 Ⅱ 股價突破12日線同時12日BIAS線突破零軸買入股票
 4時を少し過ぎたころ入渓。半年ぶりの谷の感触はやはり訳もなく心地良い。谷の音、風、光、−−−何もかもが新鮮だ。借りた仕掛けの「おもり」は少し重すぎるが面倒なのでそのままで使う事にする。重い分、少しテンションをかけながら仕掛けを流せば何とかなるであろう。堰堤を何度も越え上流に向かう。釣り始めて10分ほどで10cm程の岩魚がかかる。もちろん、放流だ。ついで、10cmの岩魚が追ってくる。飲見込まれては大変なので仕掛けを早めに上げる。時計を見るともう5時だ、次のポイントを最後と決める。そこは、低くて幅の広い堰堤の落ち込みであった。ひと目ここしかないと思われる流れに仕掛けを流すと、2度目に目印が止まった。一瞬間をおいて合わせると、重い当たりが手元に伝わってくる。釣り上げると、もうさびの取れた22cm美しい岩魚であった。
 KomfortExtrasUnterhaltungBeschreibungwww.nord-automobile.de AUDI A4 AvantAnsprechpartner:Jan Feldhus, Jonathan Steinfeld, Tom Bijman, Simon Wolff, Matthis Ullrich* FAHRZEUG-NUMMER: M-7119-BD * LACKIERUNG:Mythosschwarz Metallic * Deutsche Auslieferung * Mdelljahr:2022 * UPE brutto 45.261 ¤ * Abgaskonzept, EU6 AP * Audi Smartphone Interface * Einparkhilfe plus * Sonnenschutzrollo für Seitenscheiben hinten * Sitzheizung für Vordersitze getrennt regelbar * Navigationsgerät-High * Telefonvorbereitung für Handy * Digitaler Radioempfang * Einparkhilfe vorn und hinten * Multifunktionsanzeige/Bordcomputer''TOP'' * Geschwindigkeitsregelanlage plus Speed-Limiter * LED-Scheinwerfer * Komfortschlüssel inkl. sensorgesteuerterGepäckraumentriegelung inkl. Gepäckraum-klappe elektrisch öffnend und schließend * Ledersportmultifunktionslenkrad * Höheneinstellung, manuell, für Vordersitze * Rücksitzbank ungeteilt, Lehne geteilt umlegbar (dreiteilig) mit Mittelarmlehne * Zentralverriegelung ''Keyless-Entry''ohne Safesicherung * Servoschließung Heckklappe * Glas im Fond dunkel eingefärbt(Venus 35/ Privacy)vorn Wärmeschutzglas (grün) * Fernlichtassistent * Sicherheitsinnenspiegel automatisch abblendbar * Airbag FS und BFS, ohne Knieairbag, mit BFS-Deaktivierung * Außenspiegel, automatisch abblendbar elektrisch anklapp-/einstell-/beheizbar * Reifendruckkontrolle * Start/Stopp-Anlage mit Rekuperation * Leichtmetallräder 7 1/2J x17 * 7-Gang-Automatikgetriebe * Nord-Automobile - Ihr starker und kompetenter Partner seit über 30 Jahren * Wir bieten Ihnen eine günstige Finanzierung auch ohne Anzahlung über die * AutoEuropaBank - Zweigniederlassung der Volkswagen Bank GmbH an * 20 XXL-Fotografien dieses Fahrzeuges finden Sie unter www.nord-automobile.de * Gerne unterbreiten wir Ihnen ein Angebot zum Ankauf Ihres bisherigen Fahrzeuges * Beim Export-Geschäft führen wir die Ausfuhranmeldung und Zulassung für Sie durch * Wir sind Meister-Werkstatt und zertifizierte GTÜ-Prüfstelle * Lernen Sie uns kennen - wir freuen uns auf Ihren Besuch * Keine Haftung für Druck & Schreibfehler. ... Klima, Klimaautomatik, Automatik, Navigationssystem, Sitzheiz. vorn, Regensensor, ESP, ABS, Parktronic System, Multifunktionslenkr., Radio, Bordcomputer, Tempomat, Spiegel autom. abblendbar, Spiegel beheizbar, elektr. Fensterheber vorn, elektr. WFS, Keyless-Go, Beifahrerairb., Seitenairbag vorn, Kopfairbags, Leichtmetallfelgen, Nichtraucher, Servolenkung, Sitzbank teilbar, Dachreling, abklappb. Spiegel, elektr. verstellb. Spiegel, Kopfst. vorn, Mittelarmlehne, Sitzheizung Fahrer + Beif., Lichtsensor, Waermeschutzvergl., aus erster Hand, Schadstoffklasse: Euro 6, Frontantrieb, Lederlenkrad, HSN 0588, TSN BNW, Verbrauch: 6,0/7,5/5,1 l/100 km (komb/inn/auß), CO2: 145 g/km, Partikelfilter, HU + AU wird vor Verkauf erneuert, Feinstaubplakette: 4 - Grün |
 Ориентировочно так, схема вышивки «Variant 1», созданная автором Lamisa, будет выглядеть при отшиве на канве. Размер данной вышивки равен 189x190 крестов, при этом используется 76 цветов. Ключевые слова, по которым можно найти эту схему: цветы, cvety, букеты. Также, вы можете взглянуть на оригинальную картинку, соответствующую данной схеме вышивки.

* * *

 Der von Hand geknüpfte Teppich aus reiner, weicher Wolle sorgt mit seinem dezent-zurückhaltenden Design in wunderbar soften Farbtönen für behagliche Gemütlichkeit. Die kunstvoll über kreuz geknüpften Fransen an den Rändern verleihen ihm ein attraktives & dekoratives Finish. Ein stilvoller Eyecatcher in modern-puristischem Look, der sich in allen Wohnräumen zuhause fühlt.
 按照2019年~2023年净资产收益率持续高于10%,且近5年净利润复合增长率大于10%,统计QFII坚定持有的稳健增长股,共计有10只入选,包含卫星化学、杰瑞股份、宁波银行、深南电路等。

* [What is being asked]
Reproduce only the lines above, starting at the line with "Ⅱ 股價突破12日線同時12日BIAS線突破零軸買入股票" and ending at the line with "4時を少し過ぎたころ入渓。半", exactly as written.

* [Exercise solution]
 Ⅱ 股價突破12日線同時12日BIAS線突破零軸買入股票
 4時を少し過ぎたころ入渓。半年ぶりの谷の感触はやはり訳もなく心地良い。谷の音、風、光、−−−何もかもが新鮮だ。借りた仕掛けの「おもり」は少し重すぎるが面倒なのでそのままで使う事にする。重い分、少しテンションをかけながら仕掛けを流せば何とかなるであろう。堰堤を何度も越え上流に向かう。釣り始めて10分ほどで10cm程の岩魚がかかる。もちろん、放流だ。ついで、10cmの岩魚が追ってくる。飲見込まれては大変なので仕掛けを早めに上げる。時計を見るともう5時だ、次のポイントを最後と決める。そこは、低くて幅の広い堰堤の落ち込みであった。ひと目ここしかないと思われる流れに仕掛けを流すと、2度目に目印が止まった。一瞬間をおいて合わせると、重い当たりが手元に伝わってくる。釣り上げると、もうさびの取れた22cm美しい岩魚であった。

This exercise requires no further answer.